インターネット上での通信速度の増大により、映像配信やディジタル放送の利用が一般的になりつつあり、また、ＨＤＤ内蔵のビデオレコーダなどが普及してきていることから、ユーザは多くの映像をインターネットを通じて取得し、それらを蓄積し、視聴することが可能となってきている。そのためユーザは、多くの映像の中から観たい映像を選択する必要がある。短時間で映像の内容や雰囲気を理解することを目的とした手法の一つとして、映像を要約する手法が挙げられる。 Due to the increase in communication speed on the Internet, video distribution and digital broadcasting are becoming more common, and video recorders with built-in HDDs have become popular, so users can acquire many videos via the Internet. It has become possible to accumulate and view them. For this reason, the user needs to select a desired video from many videos. One of the methods aimed at understanding the content and atmosphere of a video in a short time is to summarize the video.

映像にはドラマ、映画、スポーツ、ニュース、音楽番組など様々なものが存在するが、特に映画やドラマは時間が長いため、短時間で内容が理解しやすい要約映像を作成することができれば、ユーザにとっては有用なものとなる。例えば、蓄積した映画をブラウジングする場合、映画評論家が過去に観た映画の紹介や批評を書く際にその映画の内容を思い出したい場合などでは、特に要約映像の有用性が高い。映画を対象とした映像要約に関する技術としては次のようなものが知られている。 There are various types of video such as dramas, movies, sports, news, music programs, etc. Especially, movies and dramas are long, so if you can create a summary video that is easy to understand in a short time, It will be useful to you. For example, when browsing an accumulated movie, summary video is particularly useful when a movie critic wants to remember the contents of the movie when writing or introducing a review of a movie that he has watched in the past. The following technologies are known as video summarization techniques for movies.

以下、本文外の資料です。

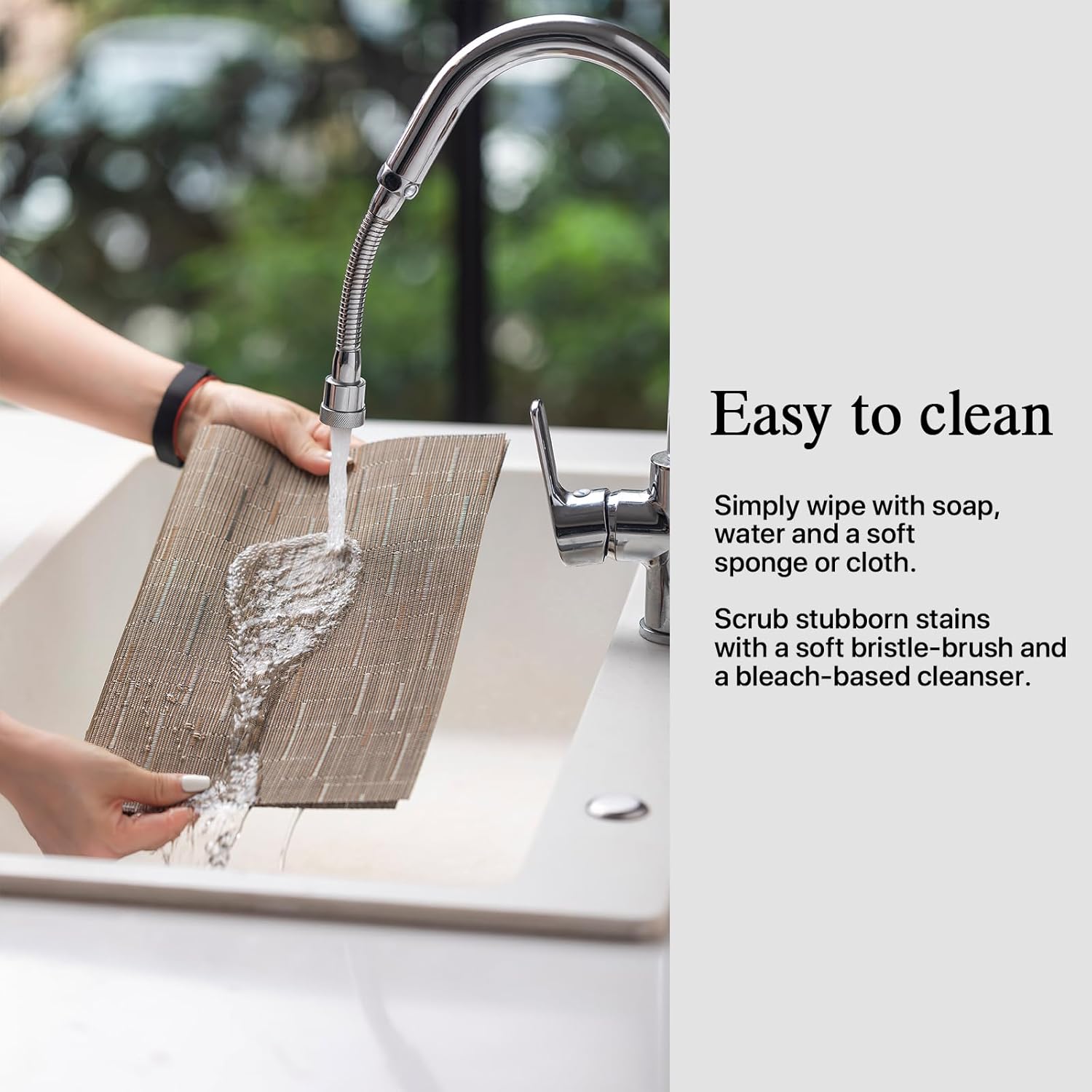 - Premium Quality and Durability: Onebento placemats are made from a high-quality blend of 70% PVC and 30% polyester, offering exceptional durability and aesthetic. This combination ensures long-lasting use and superior protection for your dining table, making it a perfect choice for quality-required consumers.

非特許文献１では、主要人物のクロースアップ、銃声や爆発、タイトルやテロップなどの特別なイベントを検出し、これらをつなぎ合わせることで映画の予告編を目的とした要約映像を作成している。また、非特許文献２では、ドラマの心理的印象の高い区間に注目し、音楽の開始や終了、カットが頻出する箇所など心理的に重要な箇所を切り出した要約映像を作成している。また、非特許文献３では、視聴者が視覚、聴覚に注意を向ける要素を元にして作成したUser Attention Modelに基づき、視聴者が注意を向けたと考えられる区間を要約映像に採用している。 In Non-Patent Document 1, special events such as close-up of main characters, gunshots and explosions, titles and telops are detected and connected to create a summary video for the purpose of a movie trailer. In Non-Patent Document 2, attention is paid to a section having a high psychological impression of a drama, and a summary video in which a psychologically important part such as a start or end of music or a part where cuts frequently occur is cut out is created. Further, in Non-Patent Document 3, based on a User Attention Model created based on an element in which the viewer pays attention to the visual and auditory sense, a section where the viewer is likely to pay attention is adopted in the summary video.

一方、非特許文献４では、ショットを視覚的な類似度に基づきクラスタリングし、各クラスタから一番長いショットを要約映像として採用している。 On the other hand, in Non-Patent Document 4, shots are clustered based on visual similarity, and the longest shot from each cluster is adopted as a summary video.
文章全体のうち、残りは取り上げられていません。